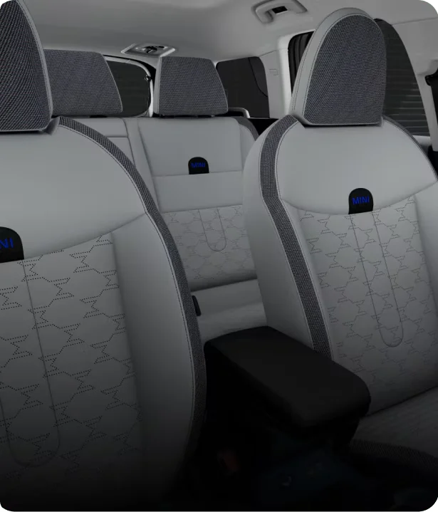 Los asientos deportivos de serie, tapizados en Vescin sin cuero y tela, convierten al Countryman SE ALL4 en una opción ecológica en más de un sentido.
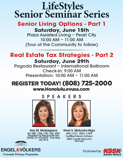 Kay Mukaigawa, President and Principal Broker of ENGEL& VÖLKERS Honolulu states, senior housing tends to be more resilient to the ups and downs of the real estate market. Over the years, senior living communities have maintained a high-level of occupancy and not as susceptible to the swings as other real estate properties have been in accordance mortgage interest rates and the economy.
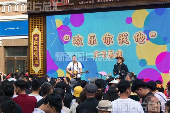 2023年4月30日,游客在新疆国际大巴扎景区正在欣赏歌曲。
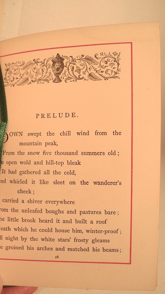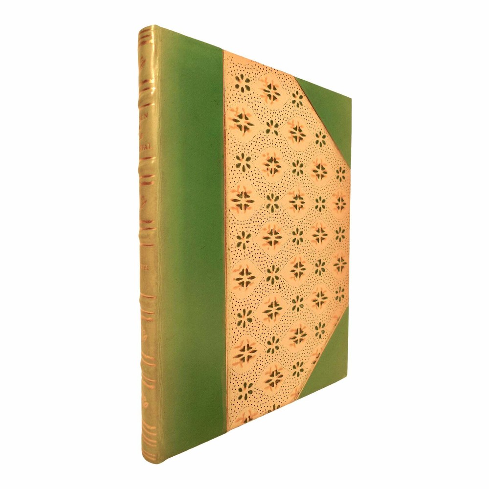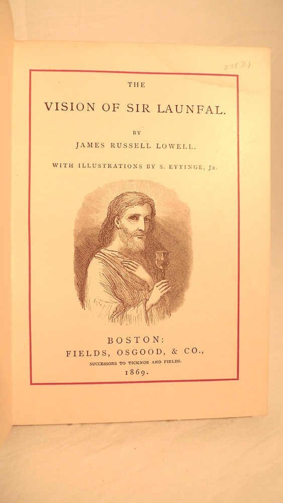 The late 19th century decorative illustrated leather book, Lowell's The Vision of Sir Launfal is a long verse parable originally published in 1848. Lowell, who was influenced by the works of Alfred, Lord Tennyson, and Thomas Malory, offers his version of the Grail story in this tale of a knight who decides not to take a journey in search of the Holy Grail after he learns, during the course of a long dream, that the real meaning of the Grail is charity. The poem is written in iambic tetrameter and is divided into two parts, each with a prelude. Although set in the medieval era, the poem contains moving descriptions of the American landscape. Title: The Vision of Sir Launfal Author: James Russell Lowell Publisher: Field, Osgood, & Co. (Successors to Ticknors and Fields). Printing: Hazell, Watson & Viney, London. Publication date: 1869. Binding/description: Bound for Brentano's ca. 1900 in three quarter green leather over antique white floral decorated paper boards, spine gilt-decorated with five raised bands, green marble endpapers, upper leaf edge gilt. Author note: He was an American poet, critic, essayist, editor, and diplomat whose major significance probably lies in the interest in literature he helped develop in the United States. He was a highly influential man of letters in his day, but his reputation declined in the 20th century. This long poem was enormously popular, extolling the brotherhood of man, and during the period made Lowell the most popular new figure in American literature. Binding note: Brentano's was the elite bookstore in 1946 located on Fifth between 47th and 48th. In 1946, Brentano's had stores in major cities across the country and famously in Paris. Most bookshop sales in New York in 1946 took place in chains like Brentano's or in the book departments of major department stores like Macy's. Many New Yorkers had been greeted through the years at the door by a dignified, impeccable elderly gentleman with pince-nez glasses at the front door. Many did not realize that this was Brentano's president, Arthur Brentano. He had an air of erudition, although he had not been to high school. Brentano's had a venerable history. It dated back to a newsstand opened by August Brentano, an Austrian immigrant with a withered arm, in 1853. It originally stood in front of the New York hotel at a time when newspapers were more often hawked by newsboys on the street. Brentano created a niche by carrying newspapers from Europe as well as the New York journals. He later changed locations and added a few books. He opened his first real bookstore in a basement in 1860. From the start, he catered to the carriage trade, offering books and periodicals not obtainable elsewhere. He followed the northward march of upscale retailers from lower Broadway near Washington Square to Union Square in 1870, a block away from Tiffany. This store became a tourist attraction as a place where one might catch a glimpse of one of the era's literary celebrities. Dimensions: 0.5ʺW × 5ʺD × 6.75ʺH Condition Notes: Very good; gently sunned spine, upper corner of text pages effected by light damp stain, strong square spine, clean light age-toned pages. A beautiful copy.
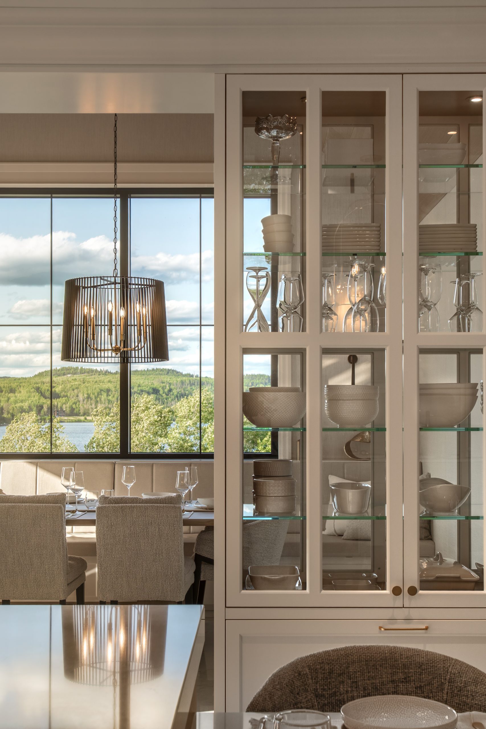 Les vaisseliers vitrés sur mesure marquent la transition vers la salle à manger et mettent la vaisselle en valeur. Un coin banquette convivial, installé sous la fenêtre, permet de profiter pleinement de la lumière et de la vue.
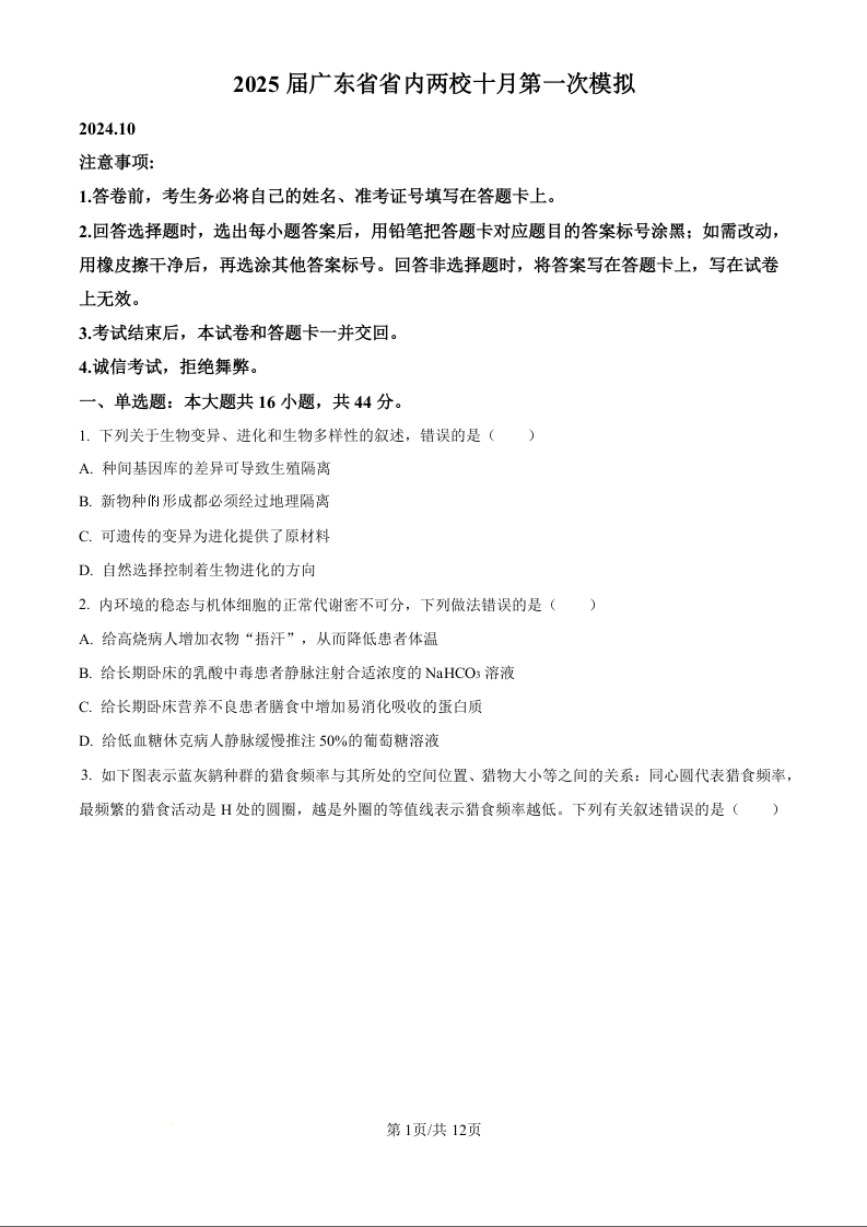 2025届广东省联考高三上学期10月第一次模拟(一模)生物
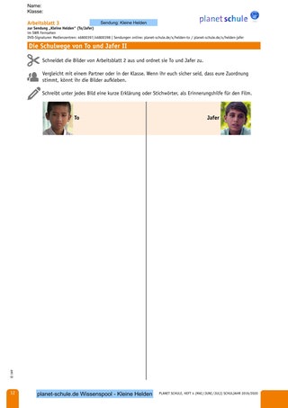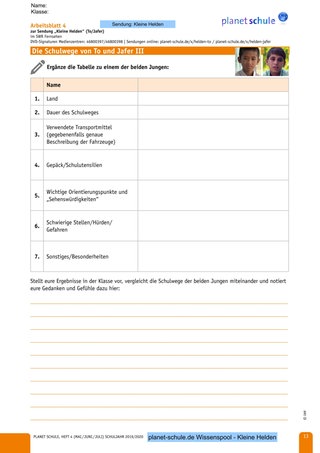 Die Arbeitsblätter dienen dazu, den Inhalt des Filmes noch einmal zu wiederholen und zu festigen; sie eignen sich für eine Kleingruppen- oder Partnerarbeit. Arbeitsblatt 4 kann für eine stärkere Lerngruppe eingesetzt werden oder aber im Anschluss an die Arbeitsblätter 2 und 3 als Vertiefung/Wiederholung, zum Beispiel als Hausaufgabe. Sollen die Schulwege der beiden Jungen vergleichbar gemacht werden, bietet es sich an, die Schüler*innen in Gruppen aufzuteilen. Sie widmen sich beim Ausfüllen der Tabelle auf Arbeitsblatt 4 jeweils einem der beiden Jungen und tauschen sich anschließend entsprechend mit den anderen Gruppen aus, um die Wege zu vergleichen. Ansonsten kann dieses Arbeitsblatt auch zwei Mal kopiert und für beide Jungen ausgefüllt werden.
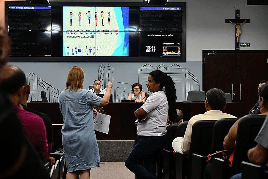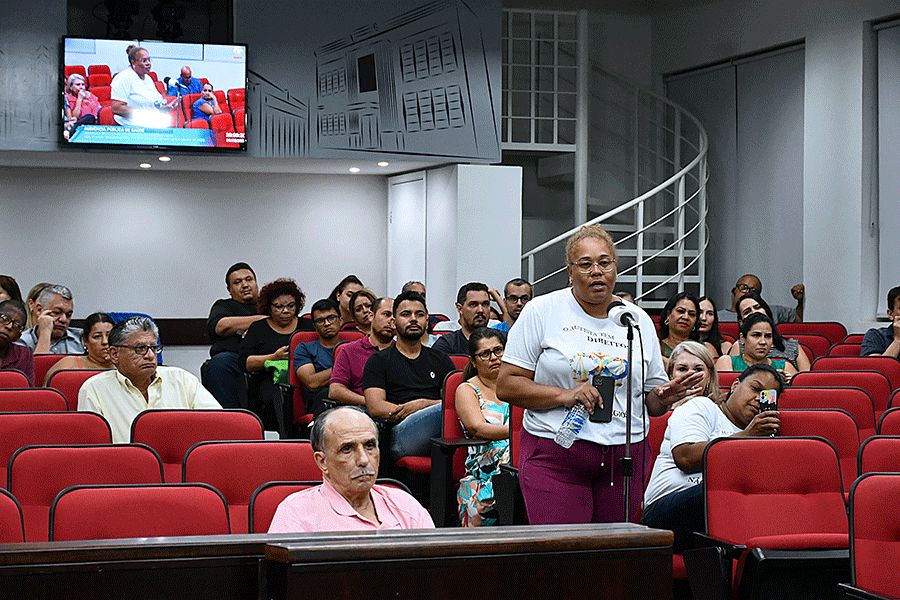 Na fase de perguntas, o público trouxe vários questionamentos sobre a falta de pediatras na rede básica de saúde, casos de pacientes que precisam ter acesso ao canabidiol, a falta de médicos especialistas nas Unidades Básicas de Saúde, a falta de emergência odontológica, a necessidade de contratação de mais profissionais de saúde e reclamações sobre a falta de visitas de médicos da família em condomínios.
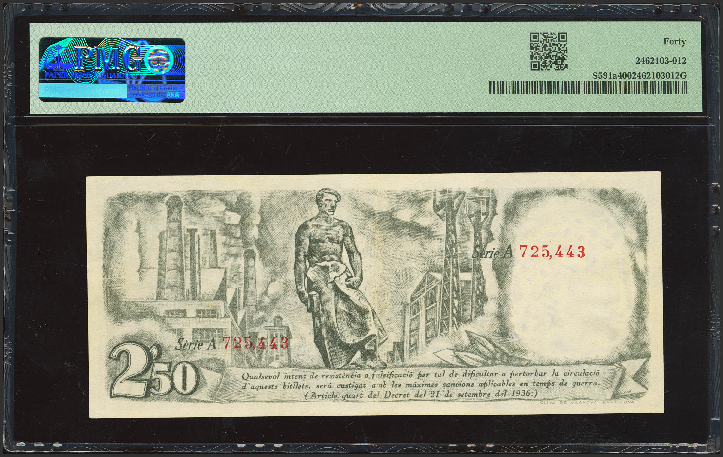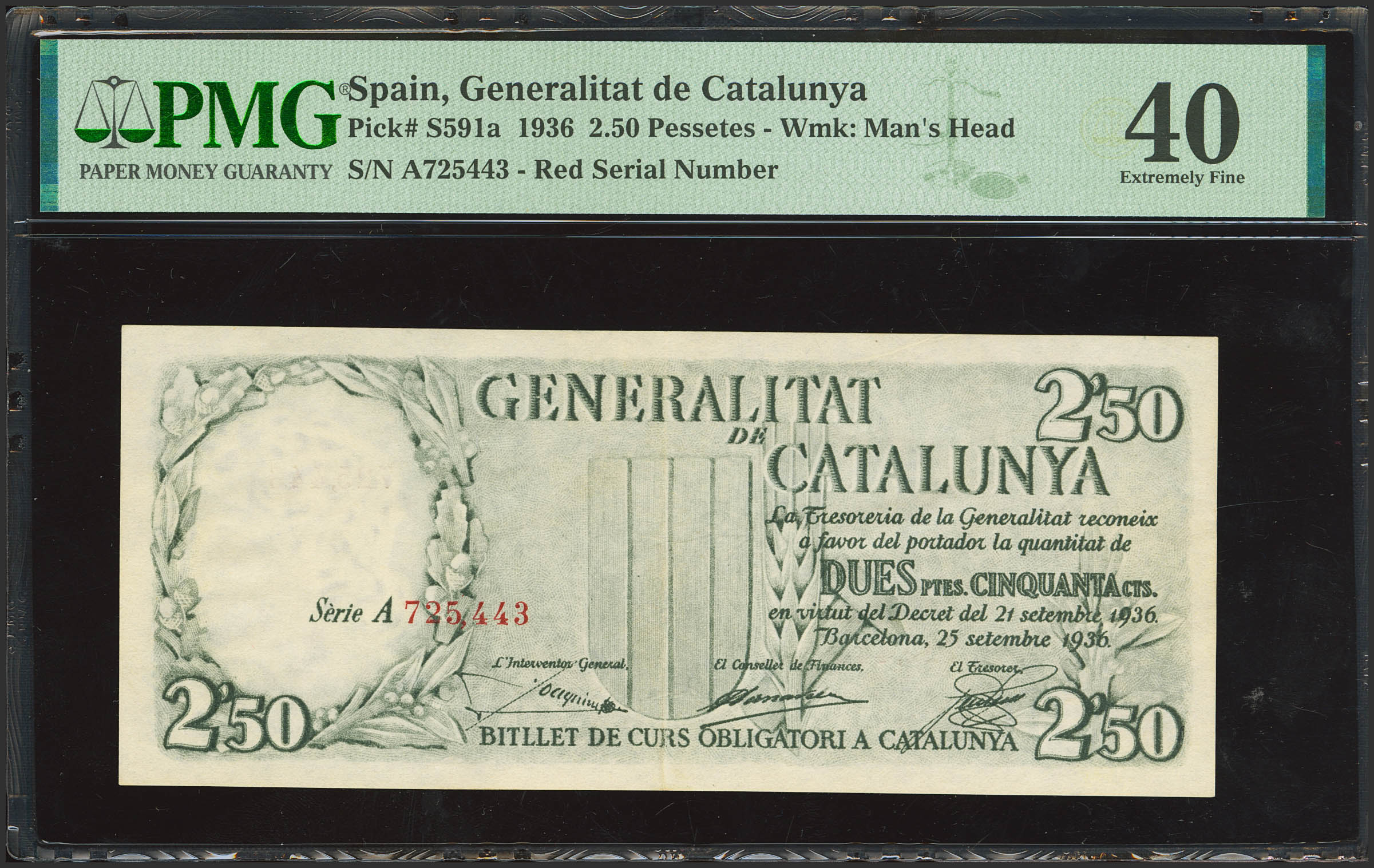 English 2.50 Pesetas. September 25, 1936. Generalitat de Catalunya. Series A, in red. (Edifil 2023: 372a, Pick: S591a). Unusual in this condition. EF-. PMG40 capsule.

+ + + + +

▸ Work request
Repeat each line of the records exactly, dropping the pictures.

▸ Exercise result
 Los asientos deportivos de serie, tapizados en Vescin sin cuero y tela, convierten al Countryman SE ALL4 en una opción ecológica en más de un sentido.
 Kay Mukaigawa, President and Principal Broker of ENGEL& VÖLKERS Honolulu states, senior housing tends to be more resilient to the ups and downs of the real estate market. Over the years, senior living communities have maintained a high-level of occupancy and not as susceptible to the swings as other real estate properties have been in accordance mortgage interest rates and the economy.
 2023年4月30日,游客在新疆国际大巴扎景区正在欣赏歌曲。
 The late 19th century decorative illustrated leather book, Lowell's The Vision of Sir Launfal is a long verse parable originally published in 1848. Lowell, who was influenced by the works of Alfred, Lord Tennyson, and Thomas Malory, offers his version of the Grail story in this tale of a knight who decides not to take a journey in search of the Holy Grail after he learns, during the course of a long dream, that the real meaning of the Grail is charity. The poem is written in iambic tetrameter and is divided into two parts, each with a prelude. Although set in the medieval era, the poem contains moving descriptions of the American landscape. Title: The Vision of Sir Launfal Author: James Russell Lowell Publisher: Field, Osgood, & Co. (Successors to Ticknors and Fields). Printing: Hazell, Watson & Viney, London. Publication date: 1869. Binding/description: Bound for Brentano's ca. 1900 in three quarter green leather over antique white floral decorated paper boards, spine gilt-decorated with five raised bands, green marble endpapers, upper leaf edge gilt. Author note: He was an American poet, critic, essayist, editor, and diplomat whose major significance probably lies in the interest in literature he helped develop in the United States. He was a highly influential man of letters in his day, but his reputation declined in the 20th century. This long poem was enormously popular, extolling the brotherhood of man, and during the period made Lowell the most popular new figure in American literature. Binding note: Brentano's was the elite bookstore in 1946 located on Fifth between 47th and 48th. In 1946, Brentano's had stores in major cities across the country and famously in Paris. Most bookshop sales in New York in 1946 took place in chains like Brentano's or in the book departments of major department stores like Macy's. Many New Yorkers had been greeted through the years at the door by a dignified, impeccable elderly gentleman with pince-nez glasses at the front door. Many did not realize that this was Brentano's president, Arthur Brentano. He had an air of erudition, although he had not been to high school. Brentano's had a venerable history. It dated back to a newsstand opened by August Brentano, an Austrian immigrant with a withered arm, in 1853. It originally stood in front of the New York hotel at a time when newspapers were more often hawked by newsboys on the street. Brentano created a niche by carrying newspapers from Europe as well as the New York journals. He later changed locations and added a few books. He opened his first real bookstore in a basement in 1860. From the start, he catered to the carriage trade, offering books and periodicals not obtainable elsewhere. He followed the northward march of upscale retailers from lower Broadway near Washington Square to Union Square in 1870, a block away from Tiffany. This store became a tourist attraction as a place where one might catch a glimpse of one of the era's literary celebrities. Dimensions: 0.5ʺW × 5ʺD × 6.75ʺH Condition Notes: Very good; gently sunned spine, upper corner of text pages effected by light damp stain, strong square spine, clean light age-toned pages. A beautiful copy.
 Les vaisseliers vitrés sur mesure marquent la transition vers la salle à manger et mettent la vaisselle en valeur. Un coin banquette convivial, installé sous la fenêtre, permet de profiter pleinement de la lumière et de la vue.
 2025届广东省联考高三上学期10月第一次模拟(一模)生物
 Die Arbeitsblätter dienen dazu, den Inhalt des Filmes noch einmal zu wiederholen und zu festigen; sie eignen sich für eine Kleingruppen- oder Partnerarbeit. Arbeitsblatt 4 kann für eine stärkere Lerngruppe eingesetzt werden oder aber im Anschluss an die Arbeitsblätter 2 und 3 als Vertiefung/Wiederholung, zum Beispiel als Hausaufgabe. Sollen die Schulwege der beiden Jungen vergleichbar gemacht werden, bietet es sich an, die Schüler*innen in Gruppen aufzuteilen. Sie widmen sich beim Ausfüllen der Tabelle auf Arbeitsblatt 4 jeweils einem der beiden Jungen und tauschen sich anschließend entsprechend mit den anderen Gruppen aus, um die Wege zu vergleichen. Ansonsten kann dieses Arbeitsblatt auch zwei Mal kopiert und für beide Jungen ausgefüllt werden.
 Na fase de perguntas, o público trouxe vários questionamentos sobre a falta de pediatras na rede básica de saúde, casos de pacientes que precisam ter acesso ao canabidiol, a falta de médicos especialistas nas Unidades Básicas de Saúde, a falta de emergência odontológica, a necessidade de contratação de mais profissionais de saúde e reclamações sobre a falta de visitas de médicos da família em condomínios.
 English 2.50 Pesetas. September 25, 1936. Generalitat de Catalunya. Series A, in red. (Edifil 2023: 372a, Pick: S591a). Unusual in this condition. EF-. PMG40 capsule.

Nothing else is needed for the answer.